Morgenthau menjelaskan bahwa fenomena ini tidak terjadi di ruang hampa. Ada alasan psikologis dan sosiologis mengapa masyarakat modern begitu mudah terjerumus ke dalam universalisme nasionalistik.
1. Kebutuhan Manusia akan Kepastian Moral
Di dunia modern yang sekuler dan penuh ketidakpastian, manusia kehilangan banyak pegangan tradisional (seperti runtuhnya pengaruh institusi keagamaan tradisional di Barat dalam urusan publik). Negara kemudian hadir mengisi kekosongan tersebut. Nasionalisme diangkat derajatnya menjadi sekularisme religius—sebuah agama sipil. Warga negara merasa kehidupan mereka memiliki makna yang agung jika mereka menjadi bagian dari misi suci negaranya untuk memperbaiki dunia.
2. Pembenaran Diri yang Buta (Self-Righteousness)
Ketika sebuah bangsa diyakinkan bahwa mereka adalah "bangsa pilihan" atau "penjaga moralitas dunia," mereka kehilangan kemampuan untuk mengkritik diri sendiri. Segala tindakan agresif, invasi, sanksi ekonomi yang menyengsarakan rakyat lain, hingga spionase, semuanya dimaafkan atas nama "tujuan mulia." Inilah yang membuat universalisme nasionalistik begitu mengerikan: ia melahirkan kekejaman yang dilakukan dengan hati yang bersih dan senyum di wajah.
Relevansi Hari Ini: Apakah Perang Dingin Benar-Benar Berakhir?
Meskipun Uni Soviet telah runtuh pada tahun 1991, analisis Morgenthau dalam bukunya ini sama sekali tidak usang. Jika kita melihat dinamika geopolitik hari ini, kita melihat kembalinya universalisme nasionalistik dengan aktor-aktor baru, namun dengan pola yang persis sama.
1. Retorika AS dan Barat: "Demokrasi vs Autokrasi"
Narasi politik luar negeri Amerika Serikat hari ini masih sangat dipengaruhi oleh universalisme nasionalistik.
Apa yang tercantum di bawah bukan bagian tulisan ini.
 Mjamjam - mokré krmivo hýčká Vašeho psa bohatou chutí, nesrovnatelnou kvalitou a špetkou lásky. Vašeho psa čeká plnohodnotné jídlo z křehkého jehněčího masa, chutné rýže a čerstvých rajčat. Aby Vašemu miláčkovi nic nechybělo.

Hubungan internasional hari ini sering kali dibingkai dalam dikotomi moral yang kaku: pertarungan antara aliansi demokrasi melawan rezim autokrasi. Ketika nilai-nilai domestik sebuah negara dijadikan standar kelayakan internasional, maka ruang untuk diplomasi pragmatis akan menyempit.
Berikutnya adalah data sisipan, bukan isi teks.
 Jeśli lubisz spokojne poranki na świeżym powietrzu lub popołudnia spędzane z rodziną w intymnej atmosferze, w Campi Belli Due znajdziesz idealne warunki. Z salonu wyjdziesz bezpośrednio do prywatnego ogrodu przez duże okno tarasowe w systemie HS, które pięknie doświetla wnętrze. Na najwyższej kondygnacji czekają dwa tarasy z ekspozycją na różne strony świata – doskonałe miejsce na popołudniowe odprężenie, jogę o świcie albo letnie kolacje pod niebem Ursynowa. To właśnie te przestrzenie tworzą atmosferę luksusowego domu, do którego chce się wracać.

2. Kebangkitan Nasionalisme Agresif di Belahan Dunia Lain
Di sisi lain, kita melihat Rusia dengan narasi "Dunia Rusia" (Russkiy Mir) yang mencoba memposisikan dirinya sebagai benteng pertahanan moral melawan apa yang mereka sebut sebagai dekadensi moral Barat. Begitu pula dengan ambisi global China dengan visi "Komunitas Masa Depan Bersama untuk Umat Manusia" (Community with a Shared Future for Mankind), yang meski terdengar damai, tetap membawa misi universalitas sistem domestik mereka ke panggung global.
Dunia hari ini tidak lagi multi-polar dalam arti pragmatis, melainkan multi-polar secara ideologis. Dan seperti yang diperingatkan Morgenthau, ketika politik internasional diisi oleh entitas-entitas yang mengklaim kebenaran universal, kedamaian hanyalah gencatan senjata sementara sebelum badai berikutnya datang.
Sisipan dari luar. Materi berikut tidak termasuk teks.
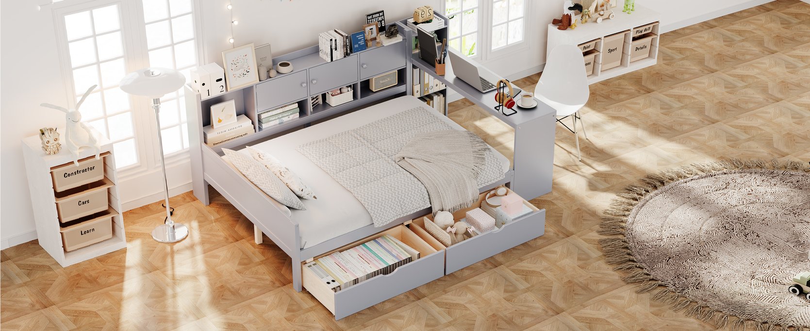 Maximize your living area with this versatile L-shape daybed that combines a full-size sleeping surface, generous storage, and a dedicated study nook. Thoughtfully designed for apartments, guest rooms, or multi-use spaces, the solid wood-and-engineered-wood construction delivers lasting stability while the neutral gray finish complements modern or transitional décor. Ideal for students, guests, or compact bedroom layouts, this multi-functional unit keeps essentials organized and creates a comfortable, purposeful zone without sacrificing style.

Ini semuaadalah sebuah peringatan keras (a stark warning) bagi kita semua. Nasionalisme, yang awalnya adalah cinta pada tanah air sendiri, bisa dengan mudah bermutasi menjadi kebencian dan penghakiman terhadap cara hidup bangsa lain jika kita membiarkannya dibumbui oleh ilusi kebenaran universal.
Dunia ini terlalu besar, terlalu kaya, dan terlalu beragam untuk diatur oleh satu cara pandang tunggal—baik itu cara pandang Washington, Moskow, Beijing, atau siapa pun. Kebijaksanaan tertinggi dalam politik internasional, menurut Morgenthau, bukan terletak pada keberanian untuk mengubah dunia sesuai citra kita, melainkan pada kemampuan untuk memahami keterbatasan moral kita sendiri dan menghormati hak bangsa lain untuk merajut takdir mereka sendiri.
Jika kita ingin menghindari Perang Dingin baru yang jauh lebih destruktif di abad ini, para pemimpin dunia harus menanggalkan jubah "penyelamat moral global" mereka dan kembali ke meja diplomasi dengan satu kesadaran sederhana: kita semua adalah bangsa yang cacat, yang mencoba bertahan hidup di planet yang sama.